Work to complete → Give again exactly the lines that run from the start of the records to the line holding "送料無料 ビニール傘 60cm", both ends counted. Do not include the pictures.

Excerpted records →
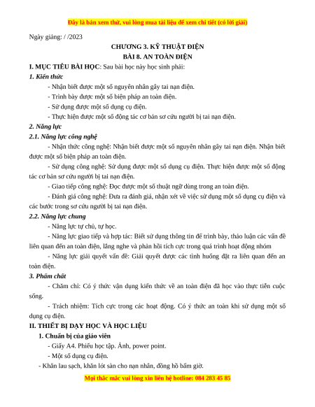 - Năng lực giải quyết vấn đề: Giải quyết được các tình huống đặt ra liên quan đến an toàn điện. 3. Phẩm chất
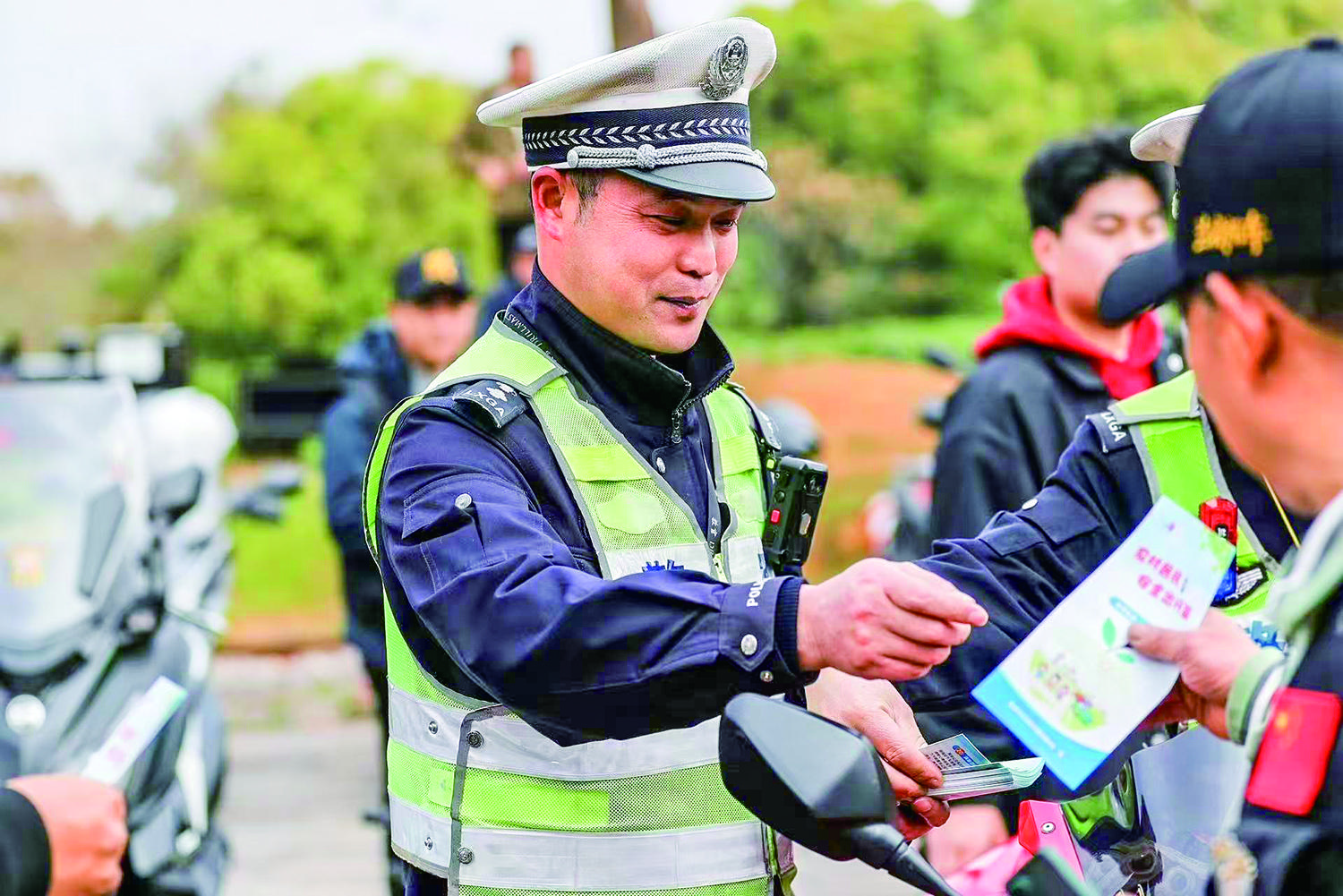 3月21日,在兰湖旅游度假区,兰溪交管大队上华中队民警围绕摩托车改装规范、佩戴头盔的重要性等内容开展宣讲活动,引导摩友文明出行、安全骑行。
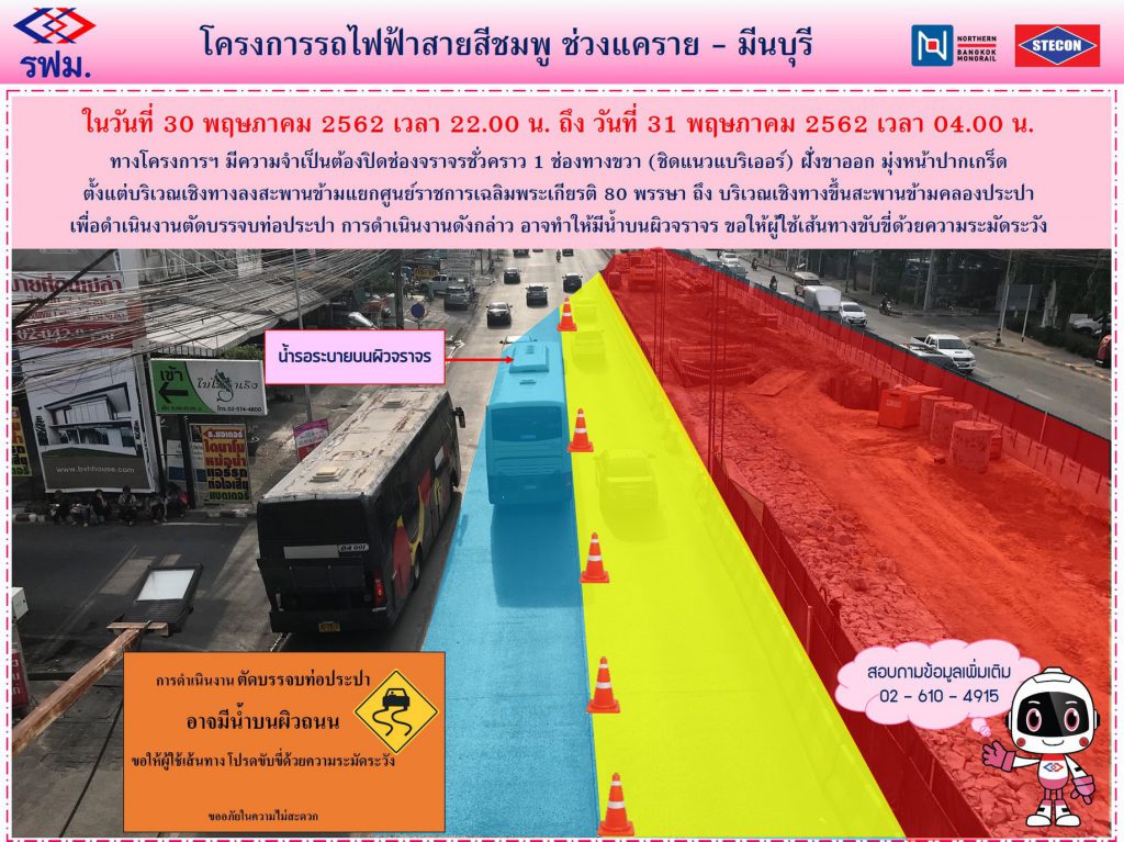 ในวันที่ 30 พฤษภาคม 2562 เวลา 22.00 น. ถึง วันที่ 31 พฤษภาคม 2562 เวลา 04.00 น. ทางโครงการฯ มีความจำเป็นต้องปิดช่องจราจรชั่วคราว 1 ช่องทางขวา (ชิดแนวแบริเออร์) ฝั่งขาออก มุ่งหน้าปากเกร็ด ตั้งแต่บริเวณเชิงทางลงสะพานข้ามแยกศูนย์ราชการเฉลิมพระเกียรติ 80 พรรษา ถึง บริเวณเชิงทางขึ้นสะพานข้ามคลองประปา เพื่อดำเนินงานตัดบรรจบท่อประปา
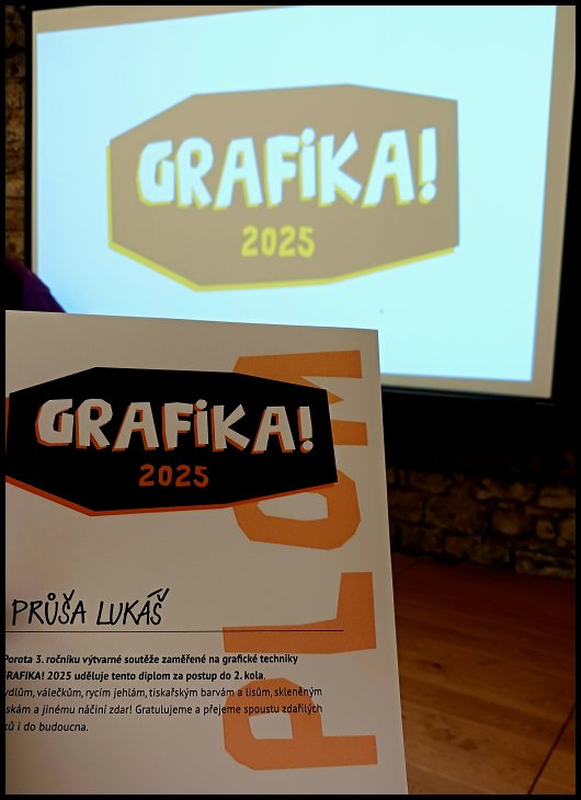 V neděli 19. října se v Praze uskutečnilo slavnostní vyhlášení vítězných prací 3. ročníku Grafika. SVČ Jednička Praha do soutěže přijala zhruba 1 120 grafických listů. Do výběru 140 nejlepších, tedy do desetiny vystavených prací a do druhého kola se dostala práce našeho studenta ze 4.L.
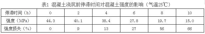 (6)在初凝時間內(nèi)的混凝土,由于氣溫較高、運(yùn)距較遠(yuǎn)、壓車時間較長等造成混凝土坍落度損失較大,可通過試驗添加同型號的泵送劑或減水劑,但添加與原先已加的總和摻量不能超過外加劑最大摻量的20%。應(yīng)逐漸添加,先少加,摻入后,攪拌運(yùn)輸車必須快速轉(zhuǎn)動2min左右,測定坍落度符合要求。運(yùn)到現(xiàn)場的混凝土不能立即卸料,應(yīng)快速轉(zhuǎn)動運(yùn)輸車2min后卸料,以確保坍落度和質(zhì)量。對超過初凝時間的混凝土應(yīng)廢棄,不能再使用?;炷翝仓巴臅r間越長,混凝土強(qiáng)度損失越嚴(yán)重(如表1),應(yīng)當(dāng)引起足夠重視。
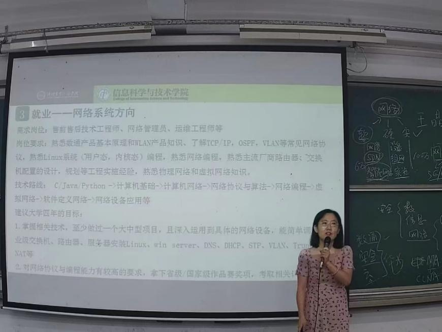 网络工程专业负责人王晶老师于6月30日在教学楼B301进行了专业学习规划与就业方向培训,该培训让学生了解专业学习与职业选择密切相关。
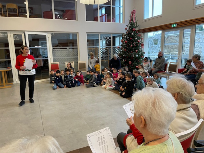 Une rencontre intergénérationnelle a eu lien au Parc Fleuri, où enfants et résidents ont partagé un moment musical en interprétant des chansons de Noël et d'autres morceaux du répertoire. Cette belle initiative s'est conclue par un goûter festif, pour le plus grand plaisir de tous.
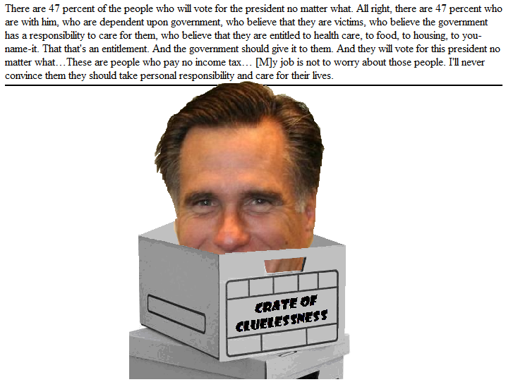 What makes this statement so terrible? It's not that the Mittwit earned so much of his wealth the old-fashioned way (by inheriting it - don't tell me you didn't see that one coming: it's been around since the 1800s, coincidentally the time the Republicans want to take us back to!). It's not that his company is responsible for so many Americans collecting government benefits because it shipped their jobs to other countries. It's not the equation of Democrats with Welfare queens (in fact, people on public assistance are more likely to vote Republican). IT'S ALL OF THESE THINGS, AND SO MUCH MORE!
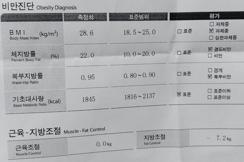 비만지수를 나타내는 BMI는 과체중으로 나타났고, 지방 조절을.. -7.2kg나 해야 합니다...
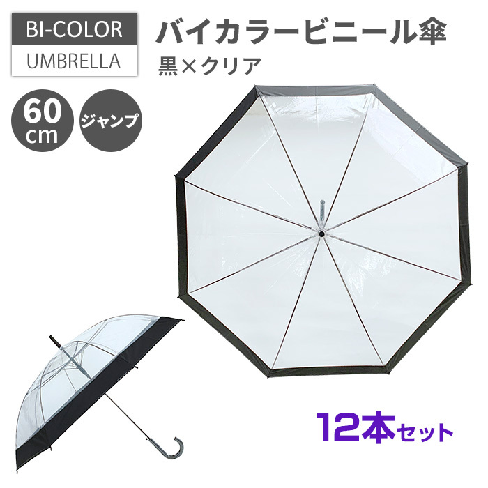 送料無料 ビニール傘 60cm ジャンプ * バイカラービニール傘 60cm 黒×クリア 12本セット *
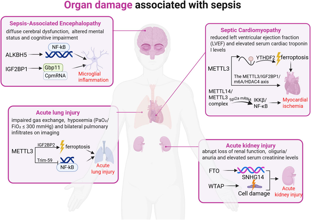 Figure 2. Organ damage associated with sepsis. Severe sepsis is frequently accompanied by organ damage, primarily involving injury to the heart, lungs, kidneys, and brain. Research indicates that sepsis-induced organ damage is driven by aberrant RNA modifications and their regulatory factors, manifested as endothelial cell injury and ferroptosis. The figure above illustrates the role of m6A modification in organ damage during sepsis.

Exercise output →
 - Năng lực giải quyết vấn đề: Giải quyết được các tình huống đặt ra liên quan đến an toàn điện. 3. Phẩm chất
 3月21日,在兰湖旅游度假区,兰溪交管大队上华中队民警围绕摩托车改装规范、佩戴头盔的重要性等内容开展宣讲活动,引导摩友文明出行、安全骑行。
 ในวันที่ 30 พฤษภาคม 2562 เวลา 22.00 น. ถึง วันที่ 31 พฤษภาคม 2562 เวลา 04.00 น. ทางโครงการฯ มีความจำเป็นต้องปิดช่องจราจรชั่วคราว 1 ช่องทางขวา (ชิดแนวแบริเออร์) ฝั่งขาออก มุ่งหน้าปากเกร็ด ตั้งแต่บริเวณเชิงทางลงสะพานข้ามแยกศูนย์ราชการเฉลิมพระเกียรติ 80 พรรษา ถึง บริเวณเชิงทางขึ้นสะพานข้ามคลองประปา เพื่อดำเนินงานตัดบรรจบท่อประปา
 V neděli 19. října se v Praze uskutečnilo slavnostní vyhlášení vítězných prací 3. ročníku Grafika. SVČ Jednička Praha do soutěže přijala zhruba 1 120 grafických listů. Do výběru 140 nejlepších, tedy do desetiny vystavených prací a do druhého kola se dostala práce našeho studenta ze 4.L.
 (6)在初凝時間內(nèi)的混凝土,由于氣溫較高、運(yùn)距較遠(yuǎn)、壓車時間較長等造成混凝土坍落度損失較大,可通過試驗添加同型號的泵送劑或減水劑,但添加與原先已加的總和摻量不能超過外加劑最大摻量的20%。應(yīng)逐漸添加,先少加,摻入后,攪拌運(yùn)輸車必須快速轉(zhuǎn)動2min左右,測定坍落度符合要求。運(yùn)到現(xiàn)場的混凝土不能立即卸料,應(yīng)快速轉(zhuǎn)動運(yùn)輸車2min后卸料,以確保坍落度和質(zhì)量。對超過初凝時間的混凝土應(yīng)廢棄,不能再使用?;炷翝仓巴臅r間越長,混凝土強(qiáng)度損失越嚴(yán)重(如表1),應(yīng)當(dāng)引起足夠重視。
 网络工程专业负责人王晶老师于6月30日在教学楼B301进行了专业学习规划与就业方向培训,该培训让学生了解专业学习与职业选择密切相关。
 Une rencontre intergénérationnelle a eu lien au Parc Fleuri, où enfants et résidents ont partagé un moment musical en interprétant des chansons de Noël et d'autres morceaux du répertoire. Cette belle initiative s'est conclue par un goûter festif, pour le plus grand plaisir de tous.
 What makes this statement so terrible? It's not that the Mittwit earned so much of his wealth the old-fashioned way (by inheriting it - don't tell me you didn't see that one coming: it's been around since the 1800s, coincidentally the time the Republicans want to take us back to!). It's not that his company is responsible for so many Americans collecting government benefits because it shipped their jobs to other countries. It's not the equation of Democrats with Welfare queens (in fact, people on public assistance are more likely to vote Republican). IT'S ALL OF THESE THINGS, AND SO MUCH MORE!
 비만지수를 나타내는 BMI는 과체중으로 나타났고, 지방 조절을.. -7.2kg나 해야 합니다...
 送料無料 ビニール傘 60cm ジャンプ * バイカラービニール傘 60cm 黒×クリア 12本セット *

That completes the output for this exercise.